Mars is referred to as the "Red Planet" because of the reddish-orange color of the planet's sandscape. That comes into sharp focus in the first color photo taken by the Mars Ingenuity helicopter.
Mars Colored Photo
The colored photo was taken about 17 feet above the ground, so people can clearly see the red-orange Martian surface.
At the bottom of the image, the shadow of Ingenuity can be seen, with two of its legs visibly jutting out from the rectangular body, as seen on Mashable.
Those patterns in the ground that look like tracks are really tracks left by the Perseverance rover, the remote-operated research vehicle that carried Ingenuity safely to Mars.
As soon as it deposited the flying robot, the Perseverance headed off to a new location, first to monitor the helicopter for a month, and then will proceed with its other duties.
Not only is this the first color photo the Mars Ingenuity sent back home, it is also the first color image of Mars' surface taken by an aerial vehicle while it was aloft, according to Space.com.

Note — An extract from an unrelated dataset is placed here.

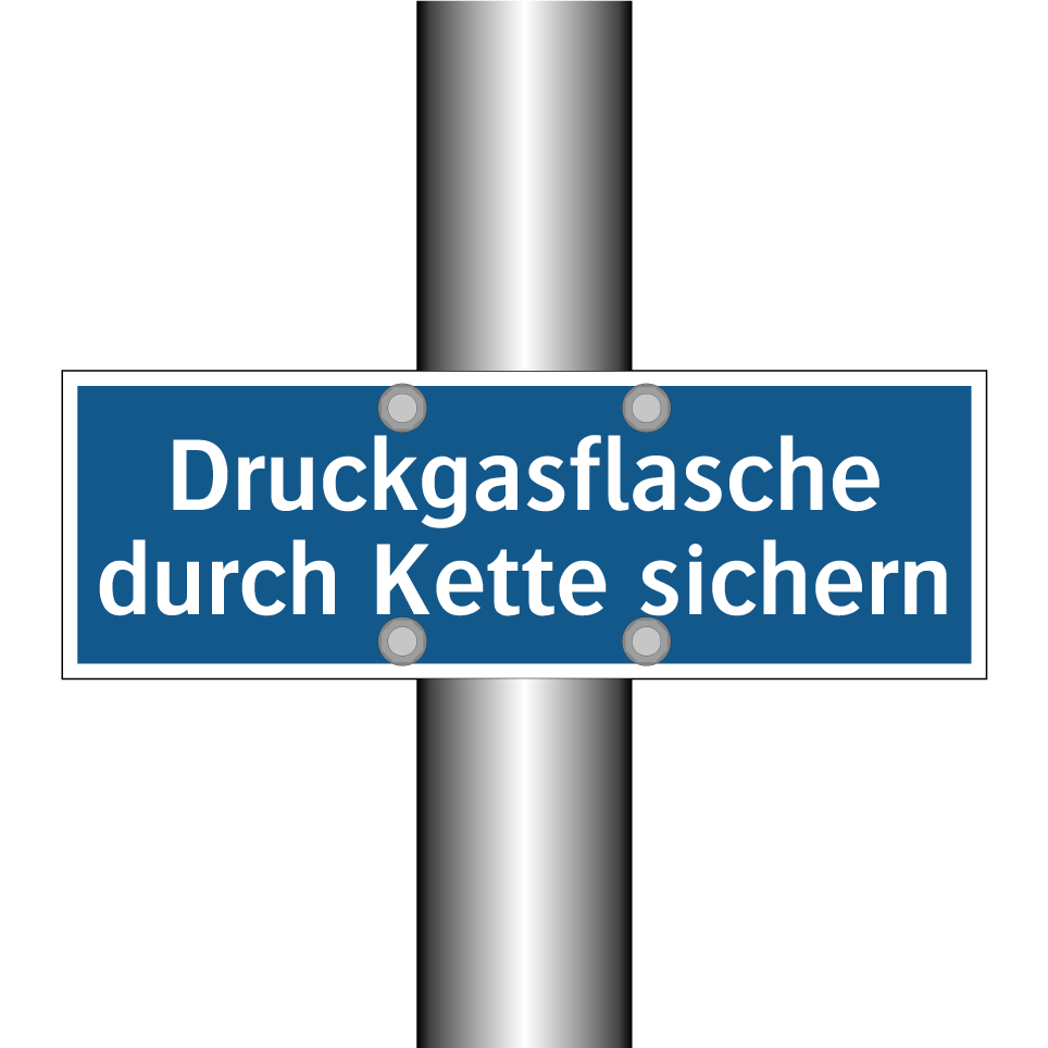 Gebotsschild mit dem Text Druckgasflasche durch Kette sichern

The whole purpose of Ingenuity's presence on Mars is to test NASA's ability to operate an aerial vehicle in the Mars' atmosphere.
NASA is currently investigating the planet with the help of drones like Perseverance and Ingenuity, but at some point the plan is to get humans out there too, along with more elaborate vehicles.

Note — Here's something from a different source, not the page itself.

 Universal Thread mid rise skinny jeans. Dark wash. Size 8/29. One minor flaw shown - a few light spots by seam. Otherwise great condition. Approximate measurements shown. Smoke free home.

NASA is being very careful with aerodynamics due to the uniqueness of the Martian atmosphere, especially since getting Mars is not a simple process. One wrong move could set back the research for a year, or maybe even more.

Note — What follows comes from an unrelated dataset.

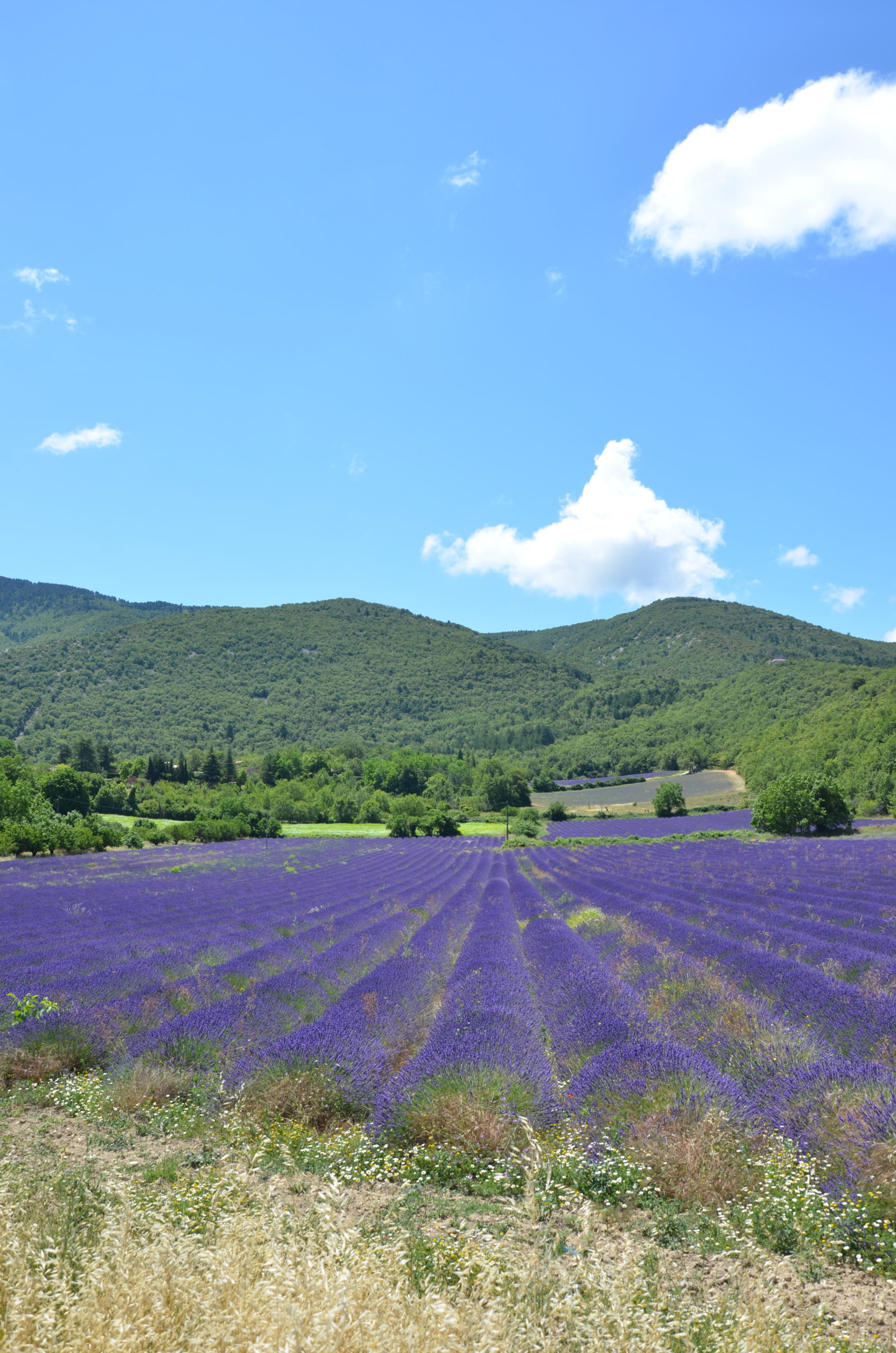 - Les champs de lavande ou de… lavandin. Eh oui, ce n’est pas de la lavande devant l’abbaye de Sénanque (ma photo précédente) mais bien du lavandin. Ce dernier est cultivé entre 200 et 800 mètres d’altitude. Il peut également se trouver en plaine. La plupart des champs de lavande que j’ai vu lors de mon séjour dans le Luberon était donc du lavandin. Honnêtement, aucune déception. C’est tout aussi joli ! Et visuellement, c’est la même chose ! Pour vous écarter de la foule et faire de belles photos, je vous conseille d’aller du côté d’Auribeau. Il n’y avait personne lorsque nous y sommes passés. Et puis, c’est là que se trouve le Mourre Nègre (le point culminant du massif du Luberon), ça devrait plaire aux amoureux de la montagne ! Nous avons profité d’être dans ce joli coin pour passer par plein de petits villages, comme Gignac, Caseneuve, Saint-Martin-de-Castillon ou encore Castelet. Nous avons ensuite rejoint Bonnieux. Et pour info, en plus des champs de lavande, nous avons aussi croisé la route de champs de blé et de tournesol.

This is the reason why NASA is using the vehicles to conduct other tests, such as exploring the viability of drawing oxygen out of the Martian atmosphere. Human visitors will need a ready supply of breathable air if they are going to spend an appreciable amount of time checking out the planet, so checking to see if and how that is possible now is very important.
NASA's Mars Research
The picture was snapped during Ingenuity's second flight, which happened on Apr. 22. Its inaugural flight went off without a hitch just a few days earlier, on Apr. 19.
The idea with these tests is to keep ramping things up, so people can expect a bigger showing this time around. For the first flight, Ingenuity spend around 40 seconds off the ground, hovering in place at a height of roughly 10 feet.
Ingenuity's second test went higher, close to 17 feet, and saw the helicopter move around six and half feet to the east, and then went back. It spent almost a minute in the air and made three turns during that time.
NASA does not expect the third Ingenuity flight to be any higher, but they expect it to move faster, going from 1 mile-per-hour to 4.5 miles-per-hour, and travel an longer distance.
The plan is for Ingenuity to head a bit more than 160 feet to the north then return to its starting point, named Wright Brothers Field, and land. The total flight time will come close to a minute and a half.